- **Task statement**: Below are some records. Return exactly their lines from the one containing "Formulated to enhance" through the one containing "2015 erreichten zehntausende", and drop the pictures.

- **Recorded data**:
= = = = =
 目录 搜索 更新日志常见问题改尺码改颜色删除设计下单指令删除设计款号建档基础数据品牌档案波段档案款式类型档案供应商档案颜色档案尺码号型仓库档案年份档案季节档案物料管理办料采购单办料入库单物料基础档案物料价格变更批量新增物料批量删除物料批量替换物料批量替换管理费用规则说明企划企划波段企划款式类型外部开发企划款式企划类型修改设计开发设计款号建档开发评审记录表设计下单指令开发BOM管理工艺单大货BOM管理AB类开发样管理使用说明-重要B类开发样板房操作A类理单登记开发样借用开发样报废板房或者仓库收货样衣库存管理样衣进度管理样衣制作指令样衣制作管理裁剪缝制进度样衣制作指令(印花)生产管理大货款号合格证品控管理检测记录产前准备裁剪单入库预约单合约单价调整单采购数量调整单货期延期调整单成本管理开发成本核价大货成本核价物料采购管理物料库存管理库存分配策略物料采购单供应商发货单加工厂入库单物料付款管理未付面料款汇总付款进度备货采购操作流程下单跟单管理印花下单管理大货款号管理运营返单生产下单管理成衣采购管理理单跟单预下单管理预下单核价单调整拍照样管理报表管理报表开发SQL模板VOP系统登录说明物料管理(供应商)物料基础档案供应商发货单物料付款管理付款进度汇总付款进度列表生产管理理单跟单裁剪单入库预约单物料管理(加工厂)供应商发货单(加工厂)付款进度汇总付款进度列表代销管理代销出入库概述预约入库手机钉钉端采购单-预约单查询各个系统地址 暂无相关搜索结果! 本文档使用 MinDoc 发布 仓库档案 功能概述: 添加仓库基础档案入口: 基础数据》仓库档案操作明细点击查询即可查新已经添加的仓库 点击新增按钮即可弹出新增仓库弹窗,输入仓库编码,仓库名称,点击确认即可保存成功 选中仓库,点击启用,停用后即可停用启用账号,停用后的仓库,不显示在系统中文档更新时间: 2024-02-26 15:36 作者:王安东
= = = = =
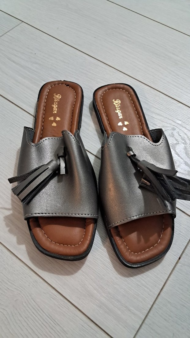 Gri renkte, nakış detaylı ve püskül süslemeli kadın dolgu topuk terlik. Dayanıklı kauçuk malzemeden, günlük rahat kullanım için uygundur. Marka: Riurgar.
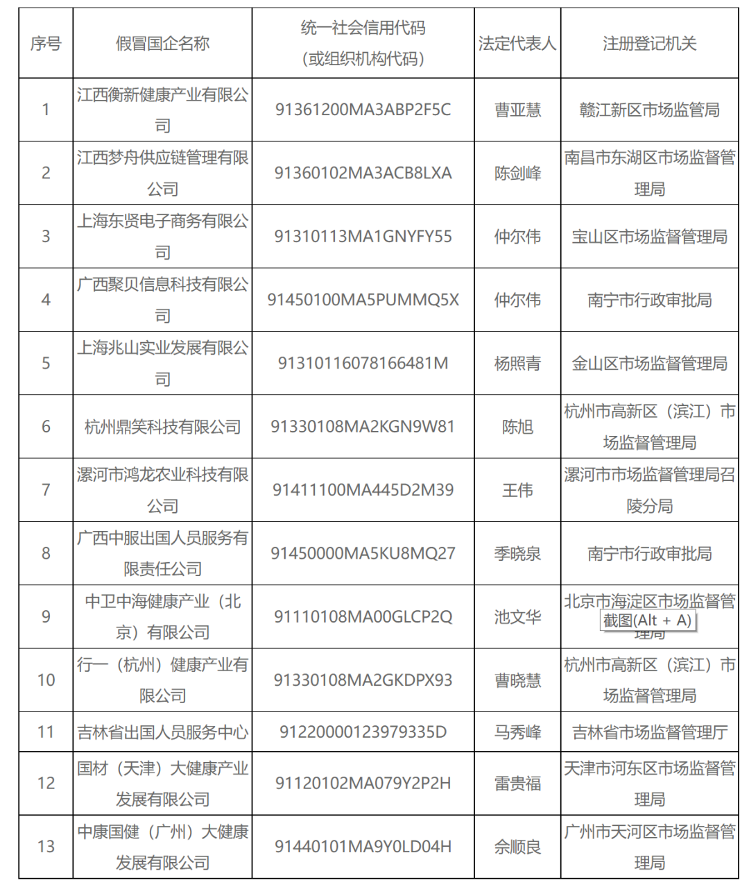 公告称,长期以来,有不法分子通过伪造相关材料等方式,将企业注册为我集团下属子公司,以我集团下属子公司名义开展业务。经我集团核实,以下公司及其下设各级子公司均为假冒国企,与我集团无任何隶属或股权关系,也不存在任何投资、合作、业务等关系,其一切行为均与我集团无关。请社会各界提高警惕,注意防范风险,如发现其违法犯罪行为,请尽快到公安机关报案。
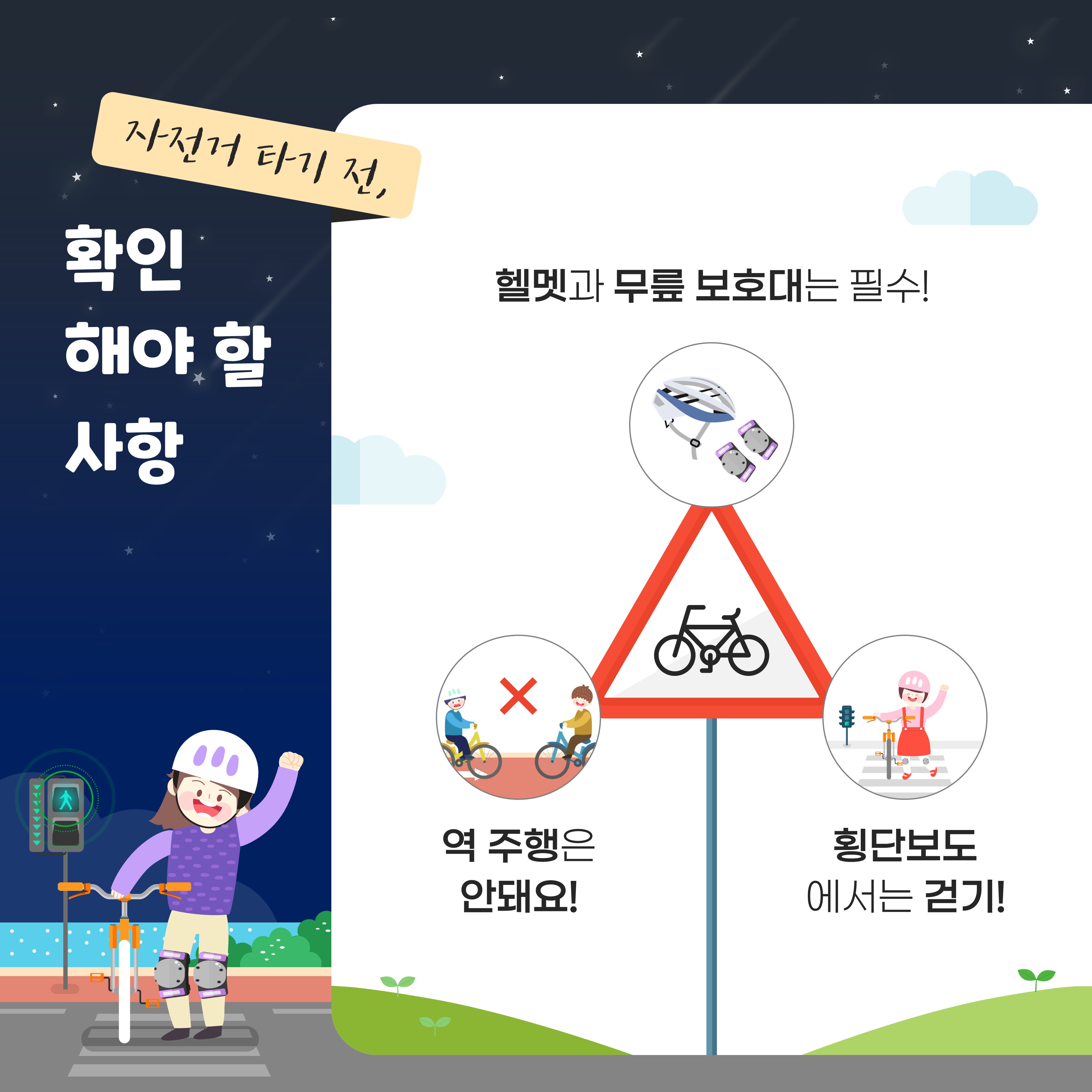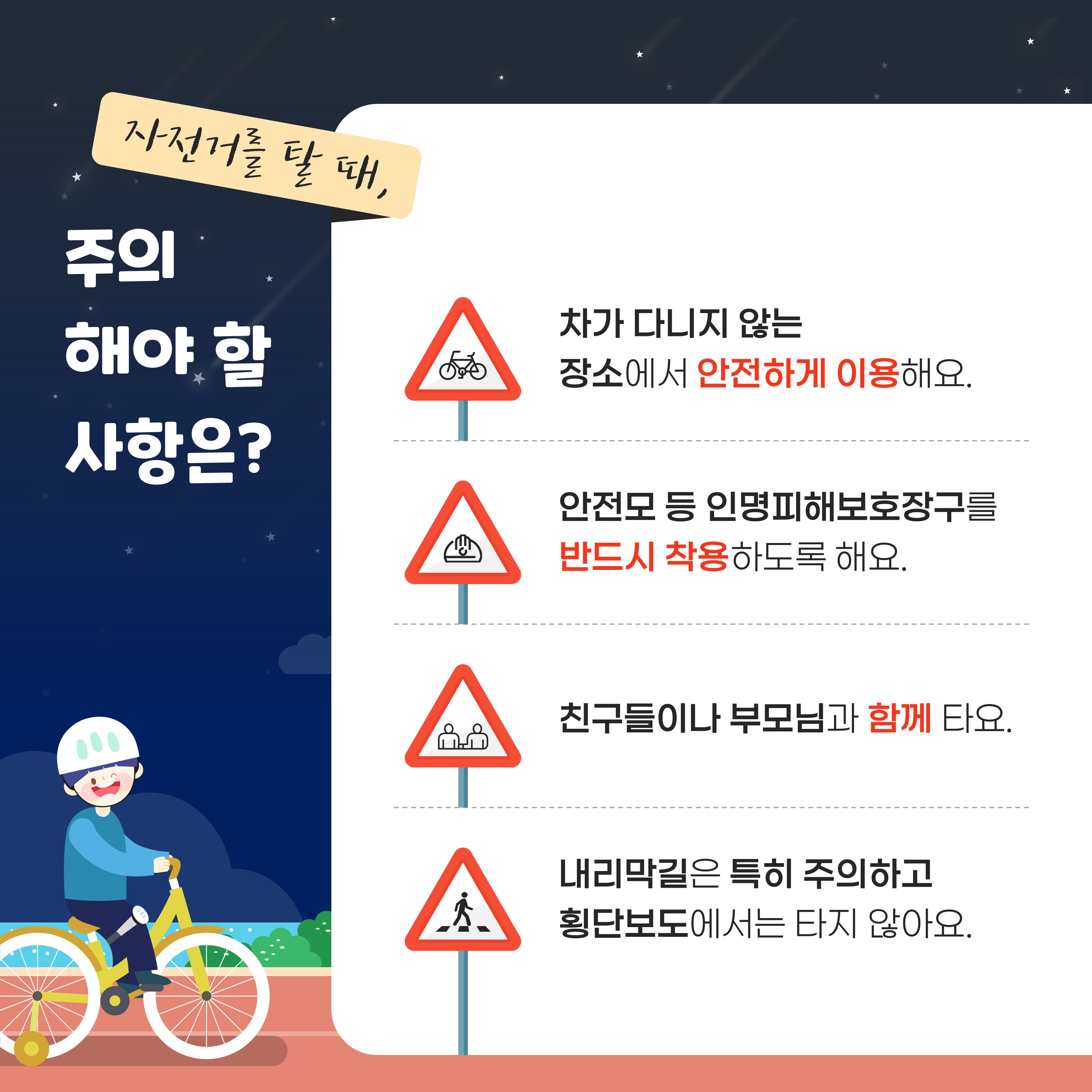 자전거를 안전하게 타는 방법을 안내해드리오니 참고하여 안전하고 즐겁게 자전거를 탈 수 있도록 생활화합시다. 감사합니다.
= = = = =
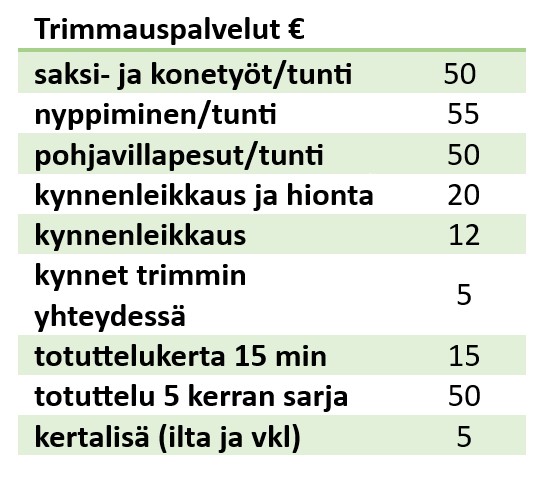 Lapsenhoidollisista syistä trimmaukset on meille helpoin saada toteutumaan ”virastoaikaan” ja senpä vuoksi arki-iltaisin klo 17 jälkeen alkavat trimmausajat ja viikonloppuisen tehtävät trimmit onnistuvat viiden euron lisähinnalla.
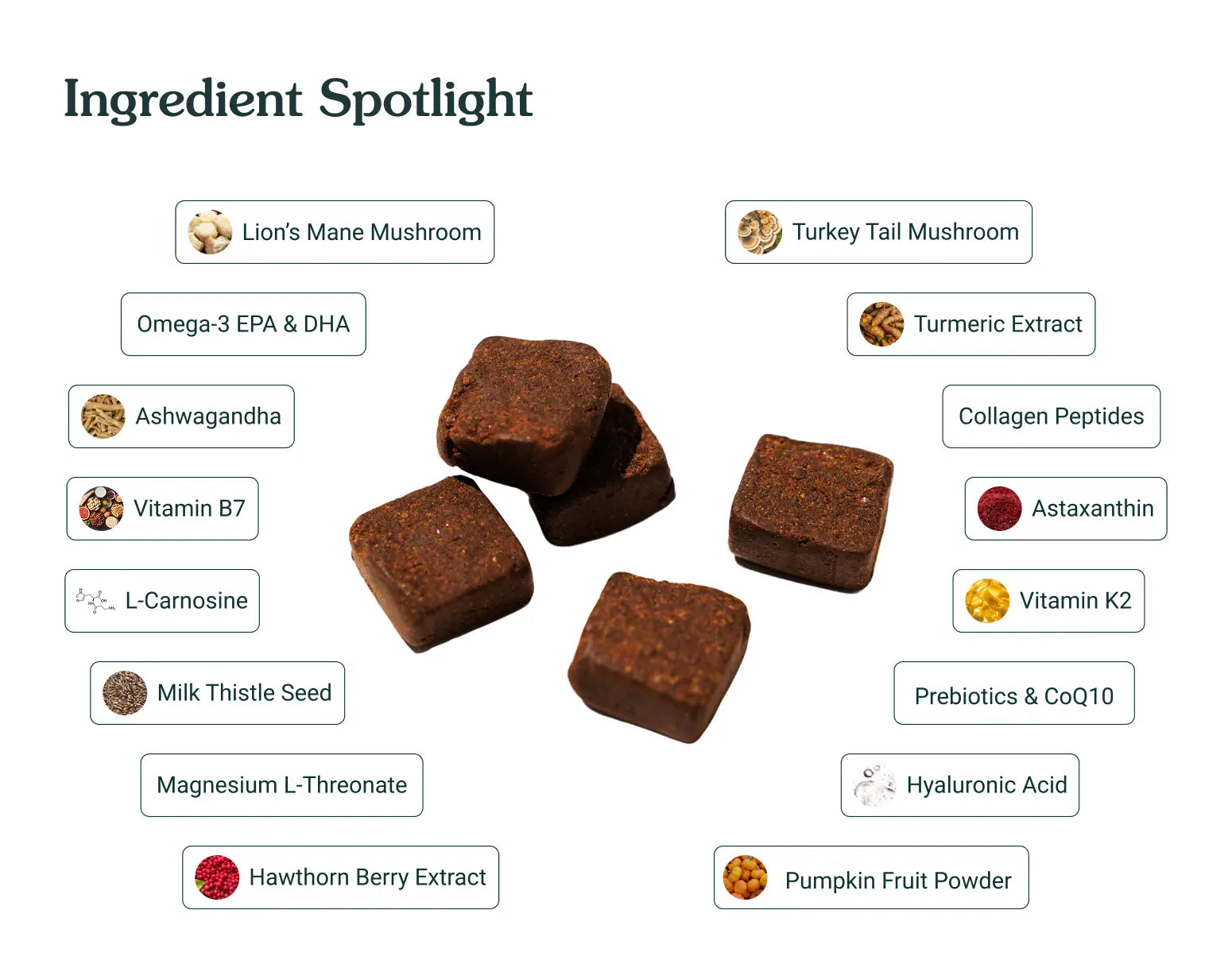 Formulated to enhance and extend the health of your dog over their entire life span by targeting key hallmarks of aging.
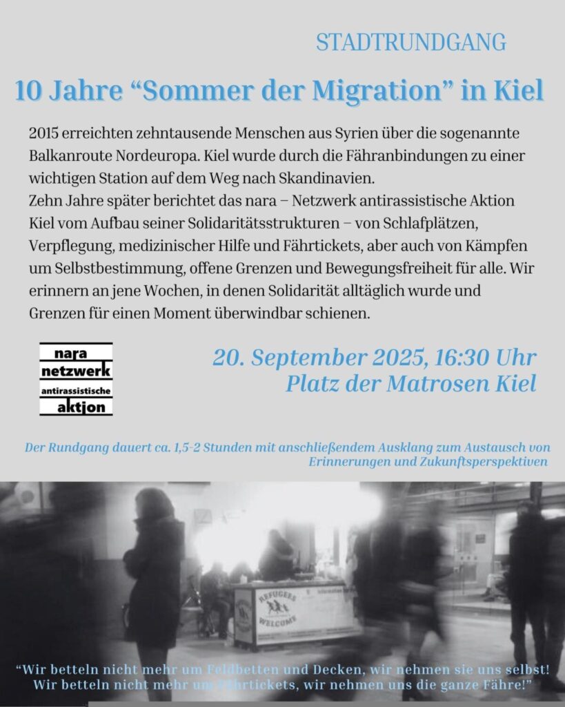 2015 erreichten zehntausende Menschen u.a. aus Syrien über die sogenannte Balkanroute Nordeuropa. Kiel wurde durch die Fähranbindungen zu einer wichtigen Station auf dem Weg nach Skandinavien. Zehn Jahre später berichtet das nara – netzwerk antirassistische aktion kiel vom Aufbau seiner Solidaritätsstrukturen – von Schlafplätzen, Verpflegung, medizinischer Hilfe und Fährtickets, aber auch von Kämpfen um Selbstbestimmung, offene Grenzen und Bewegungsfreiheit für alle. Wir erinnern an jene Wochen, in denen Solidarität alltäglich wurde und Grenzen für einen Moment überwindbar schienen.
= = = = =
- **Finished exercise**:
 Formulated to enhance and extend the health of your dog over their entire life span by targeting key hallmarks of aging.
 2015 erreichten zehntausende Menschen u.a. aus Syrien über die sogenannte Balkanroute Nordeuropa. Kiel wurde durch die Fähranbindungen zu einer wichtigen Station auf dem Weg nach Skandinavien. Zehn Jahre später berichtet das nara – netzwerk antirassistische aktion kiel vom Aufbau seiner Solidaritätsstrukturen – von Schlafplätzen, Verpflegung, medizinischer Hilfe und Fährtickets, aber auch von Kämpfen um Selbstbestimmung, offene Grenzen und Bewegungsfreiheit für alle. Wir erinnern an jene Wochen, in denen Solidarität alltäglich wurde und Grenzen für einen Moment überwindbar schienen.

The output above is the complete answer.